Biochemical and structural characterization of a short-chain dehydrogenase/reductase of Thermus thermophilus HB8: a hyperthermostable aldose-1-dehydrogenase with broad substrate specificity

Thermus thermophilus HB8 is a hyperthermophilic bacterium, thriving at environmental temperature near 80 degrees C. The genomic analysis of this bacterium predicted 18 genes for proteins belonging to the short-chain dehydrogenase/reductases (SDR) superfamily, but their functions remain unknown. A SDR encoded in a gene (TTHA0369) was chosen for functional and structural characterization. Enzymatic assays revealed that the recombinant tetrameric protein has a catalytic activity as NAD(+)-dependent aldose 1-dehydroganse, which accepts various aldoses such as d-fucose, d-galactose, d-glucose, l-arabinose, cellobiose and lactose.

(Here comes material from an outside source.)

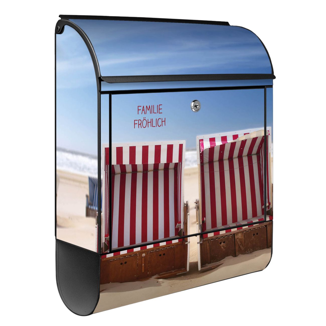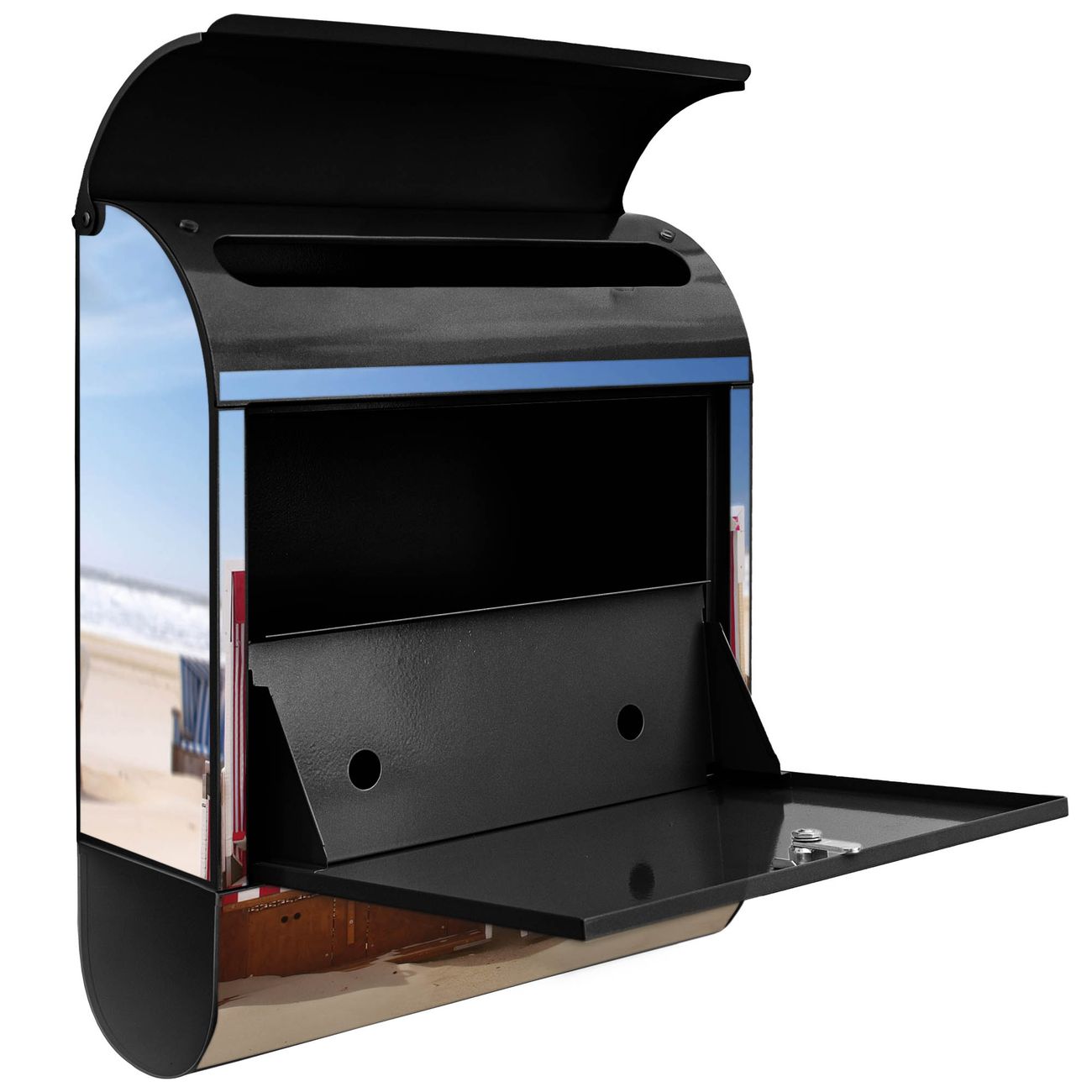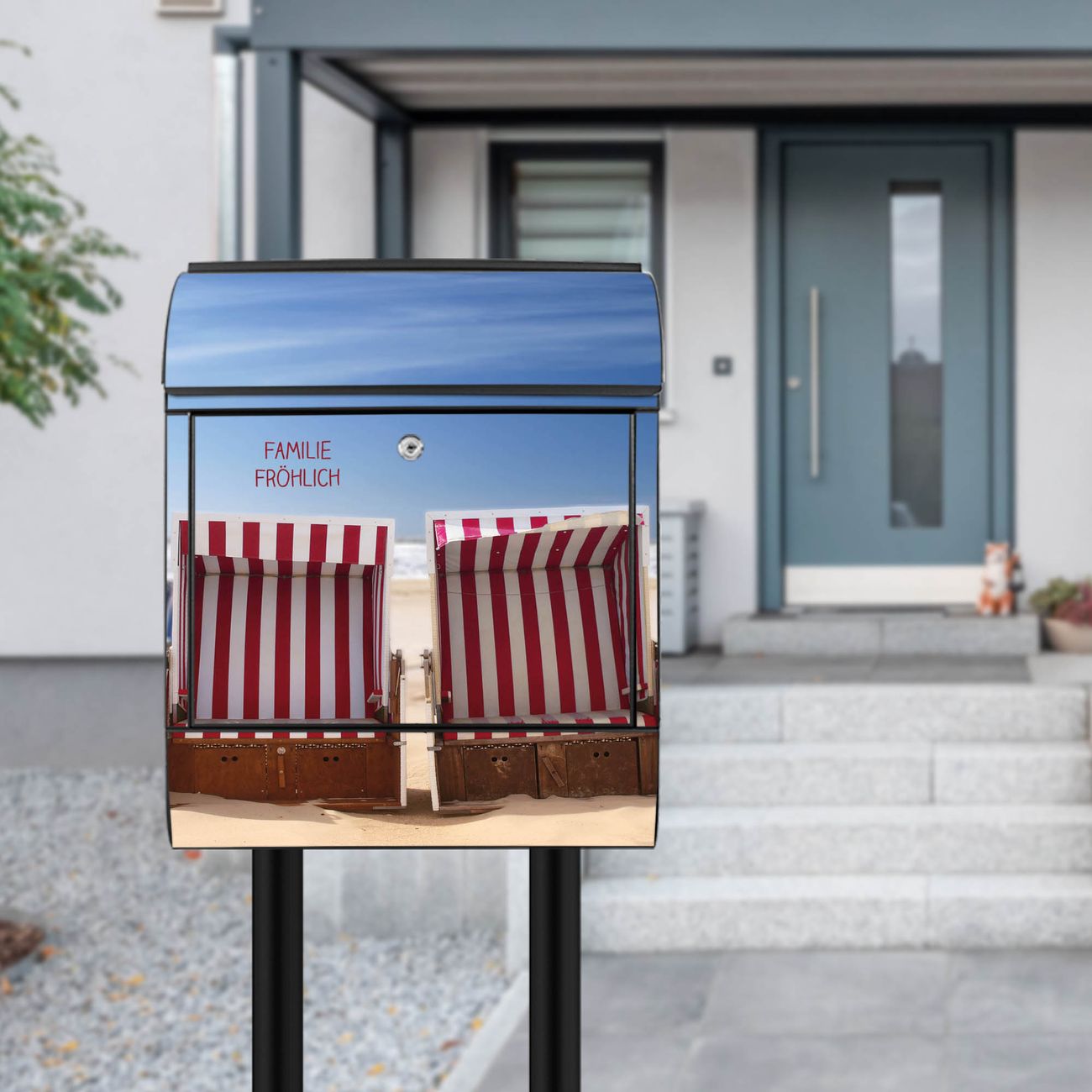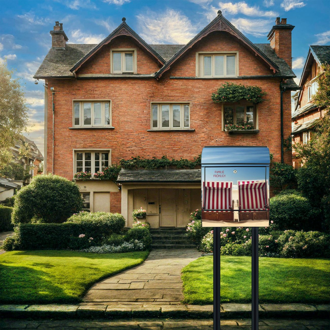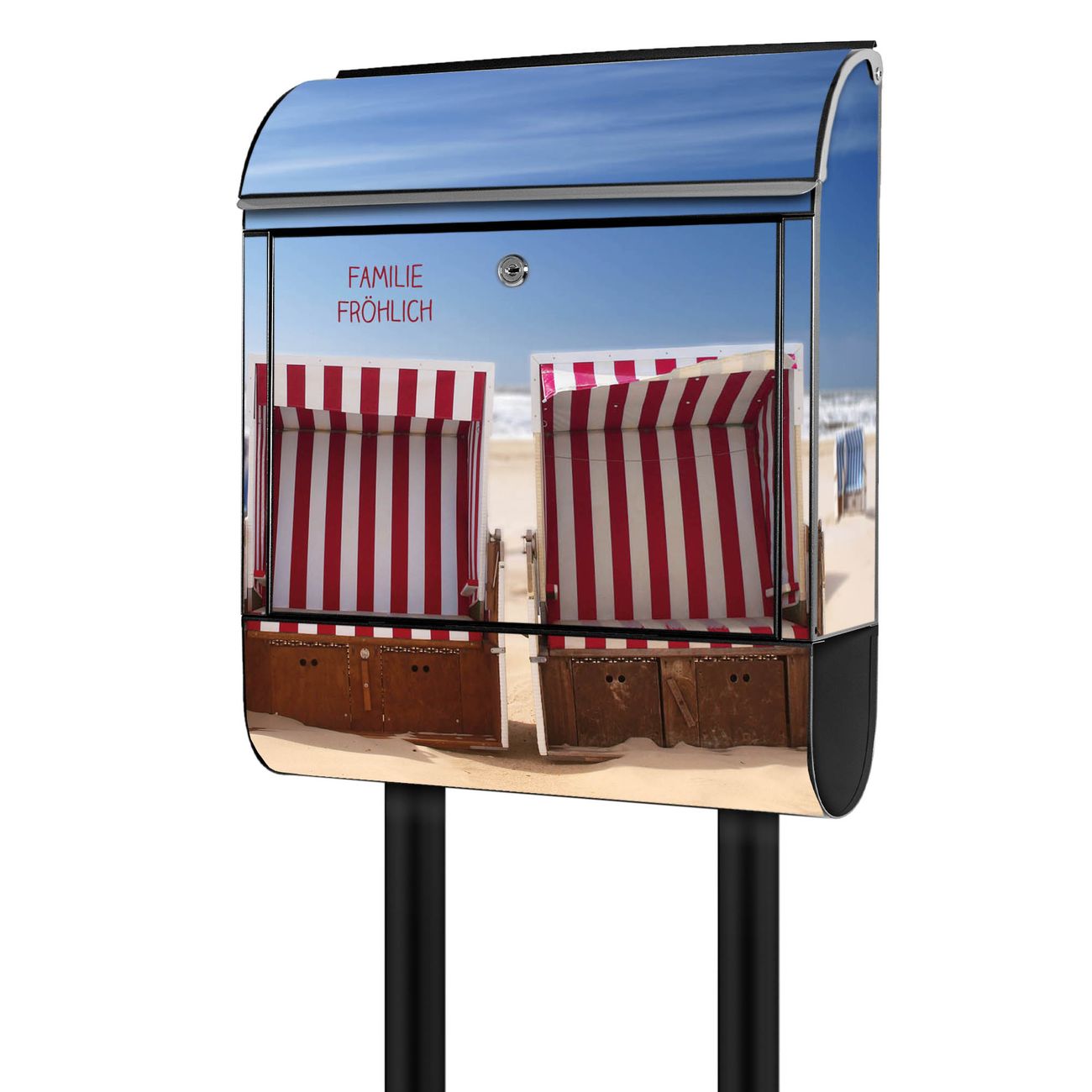 Der banjado Standbriefkasten mit Motiv Motiv Strandkörbe kombiniert großzügigen Stauraum mit modernem Design. Durch das geräumige Fach finden auch große A4-Sendungen problemlos Platz. Die integrierte Zeitungsrolle sorgt dafür, dass Tageszeitungen und Magazine separat und griffbereit untergebracht sind. Der pulverbeschichtete Standfuß ist farblich passend zum Briefkasten gestaltet und sorgt für ein stimmiges Gesamtbild. Mit dem individuellen Motiv setzen Sie einen optischen Akzent, der sowohl praktisch als auch dekorativ ist.

The enzyme also oxidized non-sugar alicyclic alcohols, and was competitively inhibited by hexestrol, 1,10-phenanthroline, 2,3-benzofuran and indole. The enzyme was stable at pH 2-13 and up to 85 degrees C. We have determined the crystal structure of the enzyme-NAD(+) binary complex at 1.65A resolution. The structure provided evidence for the strict coenzyme specificity and broad substrate specificity of the enzyme. Additionally, it has unusual features, aromatic-aromatic interactions among Phe141 and Phe249 in the subunit interface and hydrogen networks around the C-terminal Asp-Gly-Gly sequence at positions 242-244. Stability analysis of the mutant D242N, F141A and F249A enzymes indicated that the two unique structural features contribute to the hyperthermostability of the enzyme. This study demonstrates that aldose 1-dehydrogenase is a member of the SDR superfamily, and provides a novel structural basis of thermostability.